Wayne Lambert
Examples of scraping content from external websites
The Scraping project demonstrates the use of the Requests library to handle the request/response cycle for the GET requests that are required to retrieve data from another website.
Python's third party library, Beautiful Soup, is used to parse the required HTML from the response object. Python text functions are used to target, strip and split any required text so that it's in a suitable format to render for human readability.
Finally, the Django component of the application is the handling of the URLs to target a view which returns the required response to the Django template. In other words, there is no 'M' component used within this app, it just uses the 'V' and the 'T' components of the MVT architectural paradigm that Django uses.
The examples give scraping examples using string manipulation of DOM elements.
I set out to scrape interesting content from the web in order to learn skills with the Requests and Beautiful Soup libraries. I started out by going for a couple of famous speeches which I selected as I was browsing through goodreads.com
The main tool to use for this activity is Firefox Developer tools. This is required to inspect the DOM elements that are required for targeting.
It is also useful to use Jupyter Notebooks for this type of activity as their ability to present data like this is often superior to that of Python's interpreter, even if you use bPython.

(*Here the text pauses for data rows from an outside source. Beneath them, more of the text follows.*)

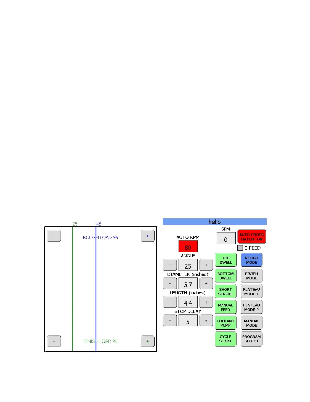 section has the rough load + and – buttons. The bottom section has the nish load + and – buttons.
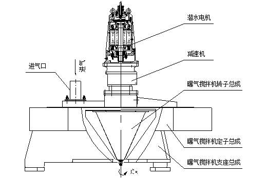 SBJ產(chǎn)品由潛水電機、減速裝置、葉輪、混合室、底座、輸氣管、起吊鏈組成。如圖
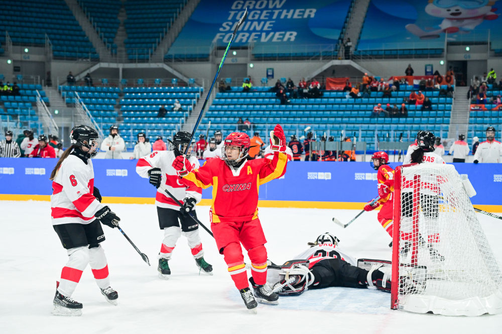 1月22日,中国队球员寇宸菲在比赛中庆祝进球。当日,在韩国江陵进行的2024年江原道冬青奥会女子冰球3对3预赛中,中国队9:2战胜土耳其队。新华社记者 朱炜 摄
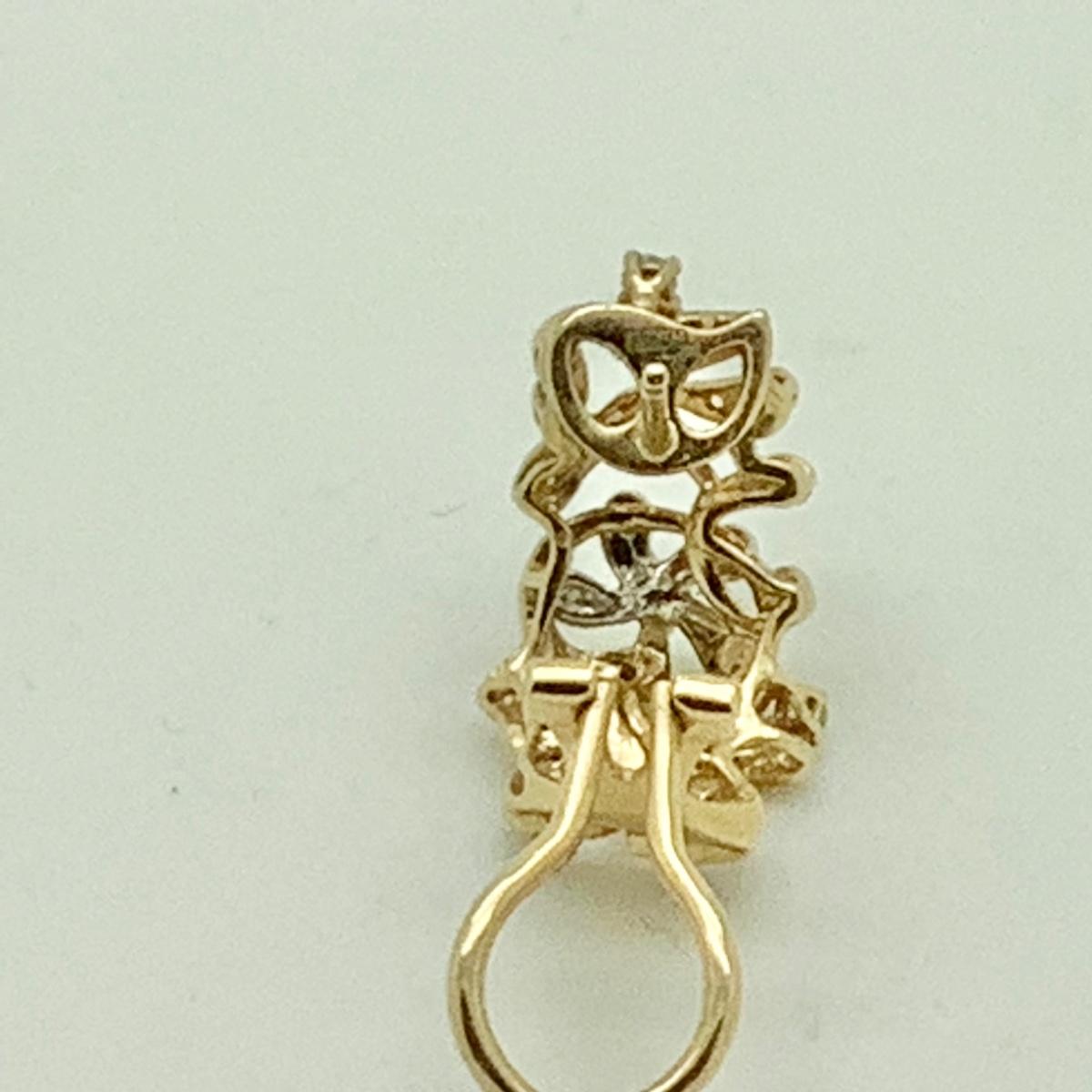 14k yellow & white gold EFFY open floral design post/lever back earrings with 8 round full cut diamonds and 52 round single cut diamonds weighing approx .75ct total. Approx 3/4" long x 7/16" wide, weighing 6.6gr.
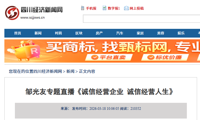 轉(zhuǎn)載四川經(jīng)濟(jì)新聞網(wǎng) 鄒光友專題直播《誠信經(jīng)營企業(yè) 誠信經(jīng)營人生》
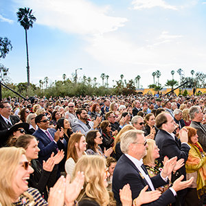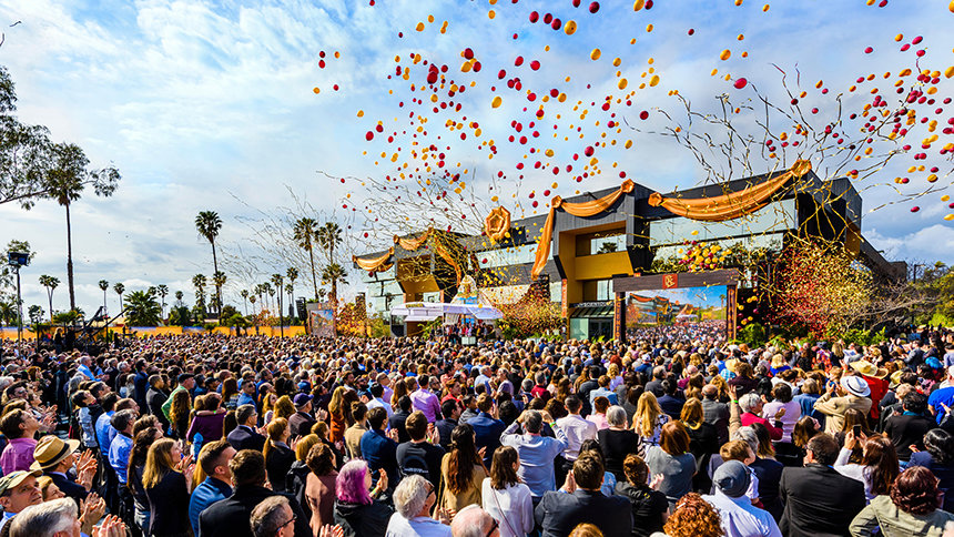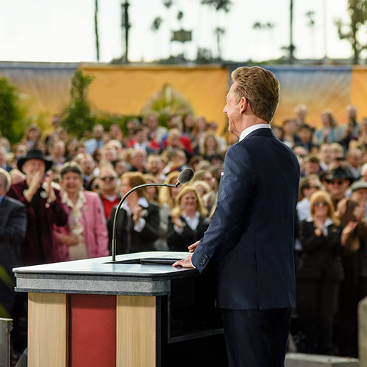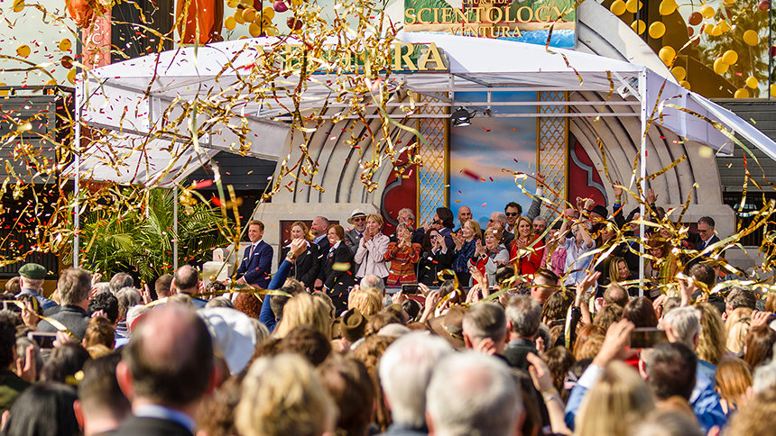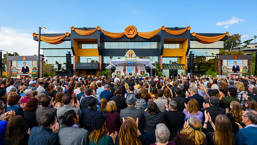 Den festlige stemning, der gennemstrømmede begivenheden, blev sat i bevægelse af en brise fra Stillehavet. David Miscavige, den kirkelige leder af Scientology religionen, førte an i festlighederne, og han fortalte de forsamlede, at bølgen, de ventede på, nu var ved at brydes: ”En perfekt bølge. En endeløs bølge. En bølge enhver kan ride på til højere plateauer af evne og åndelig udødelighed. Men selvfølgelig ved alle ikke, hvor kystlinjen ender og en livstids ridt begynder – hvilket er, hvor man kommer ind med en invitation til frihed og en lektion i, hvordan man fanger den bølge og aldrig bliver den samme igen.”
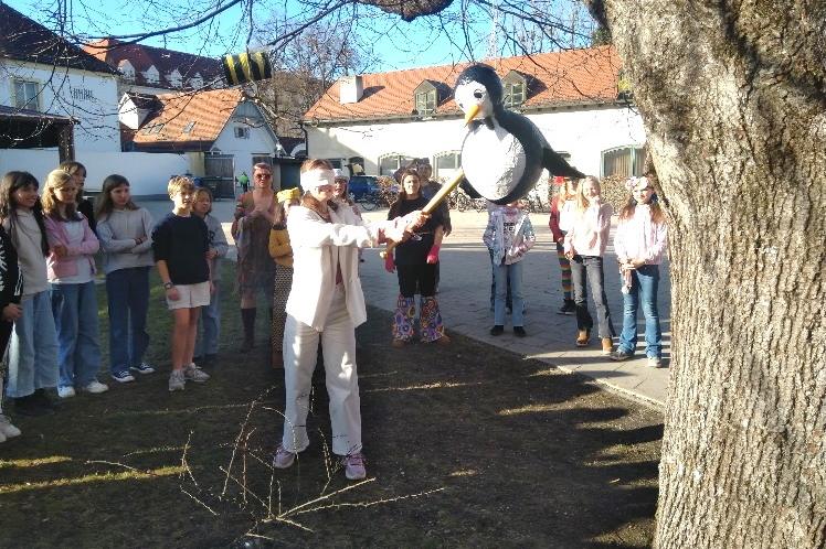 Untermalt von ABBA zog die Gesellschaft mit einer Polonaise durch das gesamte Tagesheim. Im Anschluss daran folgten zahlreiche Spiele wie Schokoladenessen, Schaumkusswettessen, Eierlauf und Reise nach Jerusalem. Der Höhepunkt war in diesem Jahr die Pinguinpinata, welche jedoch so gut gebaut war, dass selbst ein Baseballschläger es nicht schaffte, den kleinen süßen Kerl zu zerstören.
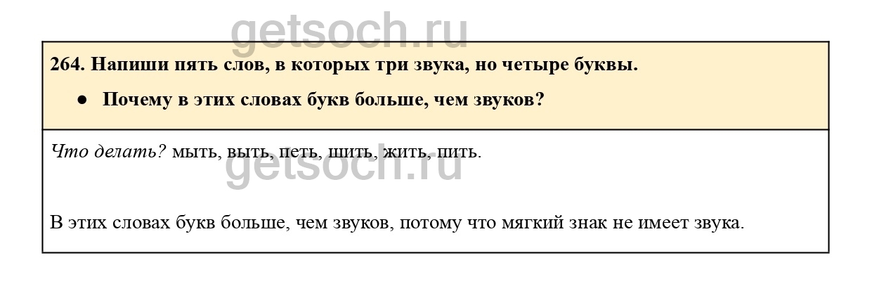 264. Напиши пять слов, в которых три звука, но четыре буквы.
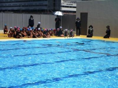 1年生は小プールや大プールの横をけのびで距離を測りました。みんな水となかよしになりました。
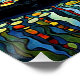 A.I.assistiu impressão de um homem em um casaco vermelho se posiciona em um caminho refletido em um corpo de água enfeitado com pedras coloridas, cercado por uma cena surreal de videiras vibrantes penduradas e folhas circulares, sentindo-se indesejado por outros no seu mundo.
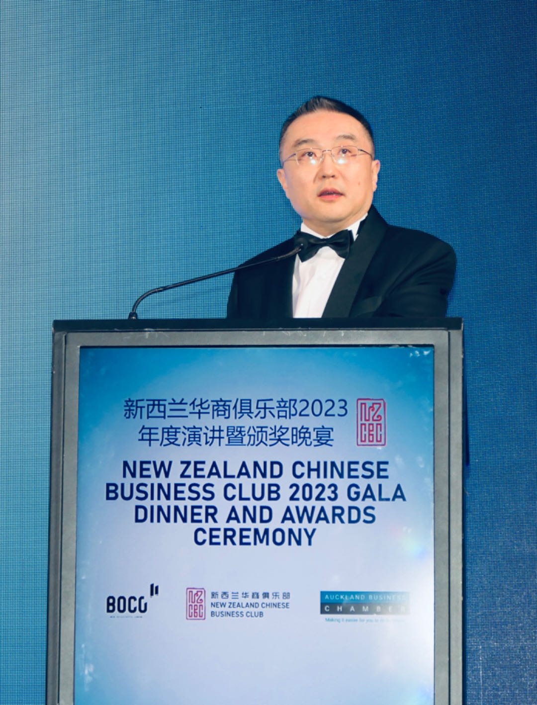 王小龙大使出席新西兰华商俱乐部2023年度演讲活动
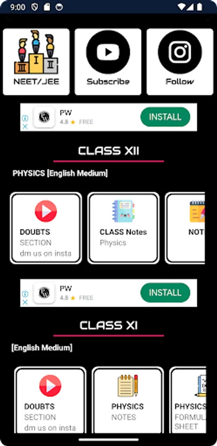 PIONS is a free application developed for students preparing for competitive exams like NEET, JEE and even boards. Send your doubts on our Instagram's handle to get video solutions. The app contains video solutions, practice papers and will be updated continuously for new papers, notes and formula sheets. Students preparing for state boards can also download the app.

There are a couple of enhancements that I would like to add to this project in order to improve its utility and to demonstrate further skills.
The scraping process takes about 15 seconds or so because it needs to extract that data from an external website and inspect the DOM elements of the web pages to do so. In any case, these processes should be respectful of a website as each page is a request to the website which could result in my site being viewed negatively.
To inform the user of progress, I would like to add a progress bar using Celery and Django.
I would also like to scrape the content using multi-processing to speed it up a little. It also gives me an opportunity to delve further into the multiprocessing library.
The following link represents the EU Referendum Results for all areas beginning with 'A'.
https://www.bbc.co.uk/news/politics/eu_referendum/results/local/a
The choices of topics/items to scrape does not in any way reflect political opinions or affiliations. They are merely chosen as interesting items to produce as part of the project.